Two types of adverse events may occur after intravitreal cidofovir injection: iritis and hypotony. The incidence of these is not dissimilar to what is seen after intravenous administration. The incidence of iritis can be reduced from 70% to 18% if oral probenecid is used, and it is now recommended universally. Iritis can be managed with topical steroids and cycloplegia; however, it may lead to cataract and synechiae in the long term. A mild, asymptomatic 20% reduction in intraocular pressure (IOP) is seen almost universally after cidofovir injection, and this appears to be of no concern. The mechanism of this has been defined by ultrasound biomicroscopy, which has disclosed that severe hypotony after cidofovir injections is associated with ciliary body atrophy.206 Reduction in aqueous flow has been demonstrated by aqueous fluorophotometry. This effect on secretory epithelia also is probably responsible for the nephrotoxicity of the drug when given intravenously. Indeed, probenecid also is given before and after each intravenous infusion to prevent uptake by the proximal tubule of the kidney and associated nephrotoxicity.
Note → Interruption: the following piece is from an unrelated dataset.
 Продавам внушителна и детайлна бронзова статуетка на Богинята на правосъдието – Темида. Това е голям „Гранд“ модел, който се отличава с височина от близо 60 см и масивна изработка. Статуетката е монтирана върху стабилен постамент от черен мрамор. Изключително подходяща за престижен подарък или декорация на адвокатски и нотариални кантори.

Profound hypotony with vision loss occurs in approximately 1% of injections.
A retrospective, cohort study described iritis and hypotony after treatment with intravenous cidofovir for CMV retinitis in association with intraocular inflammation.168 Eleven cases of iritis (26%) occurred among 43 patients. In six cases the iritis was bilateral. Patients who experienced iritis were more likely to have been previously treated for CMV retinitis (P = 0.03), to be diabetic (P = 0.05), or to be receiving protease inhibitors (P = 0.001). The onset of iritis occurred at a mean (±SD) of 4.9 ± 1.8 days after a cidofovir dose and after a mean (±SD) of 4.2 ± 1.6 doses of cidofovir. Six eyes of four patients had hypotony. Five eyes of five patients had a persistent decrease in visual acuity of at least 2 Snellen lines. Acute intraocular inflammation may occur with or without hypotony after intravenous cidofovir therapy, similar to the reactions seen after intravitreous administration. Cidofovir therapy can be continued in some patients if medical necessity warrants, but inflammation may recur or permanent hypotony develop.
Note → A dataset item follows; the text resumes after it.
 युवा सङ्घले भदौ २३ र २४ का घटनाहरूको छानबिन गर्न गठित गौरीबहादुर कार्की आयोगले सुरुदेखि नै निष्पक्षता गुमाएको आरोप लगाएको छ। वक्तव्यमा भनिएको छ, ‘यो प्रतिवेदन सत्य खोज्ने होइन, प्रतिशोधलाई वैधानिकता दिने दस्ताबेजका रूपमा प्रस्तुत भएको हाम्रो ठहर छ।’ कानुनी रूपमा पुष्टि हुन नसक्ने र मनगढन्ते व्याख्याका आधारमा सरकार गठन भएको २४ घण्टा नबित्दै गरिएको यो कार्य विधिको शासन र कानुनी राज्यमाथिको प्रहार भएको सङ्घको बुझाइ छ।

The efficacy and safety of multiple intravitreal cidofovir (HPMPC) injections given every 5–6 weeks for the maintenance treatment of CMV retinitis with 20 µg intravitreally injected was shown to be highly effective, with only rare episodes of reactivation and progression.170
A correlation between IOP and CD4 T-lymphocyte counts in patients with HIV with and without CMV retinitis has been described.210 IOP was measured with calibrated Goldmann applanation tonometers in two groups of patients. Group A included 84 HIV patients (120 eyes) with CMV retinitis, and group B included 110 HIV patients (183 eyes) without CMV retinitis; 33 patients without HIV (66 eyes) were included as a control group. Step-wise regression analysis of IOP included correlation with CMV retinitis (presence, extent, and activity), CD4 T-lymphocyte count, age, and gender. The mean IOP was 9.8 mmHg in group A, 12.6 mmHg in group B, and 16.1 mmHg in the control group. All three groups were statistically different from each other when intraocular pressure was compared (P < 0.0001). Step-wise regression showed that low CD4 T-lymphocyte count and extent of CMV retinitis both correlated to low IOP. These results demonstrate that IOP is lower than normal in patients with HIV and that decreased CD4 T-lymphocyte count is the major factor associated with low IOP, accounting for 20% of the effect. The extent of CMV retinitis accounts for 8% of the effect.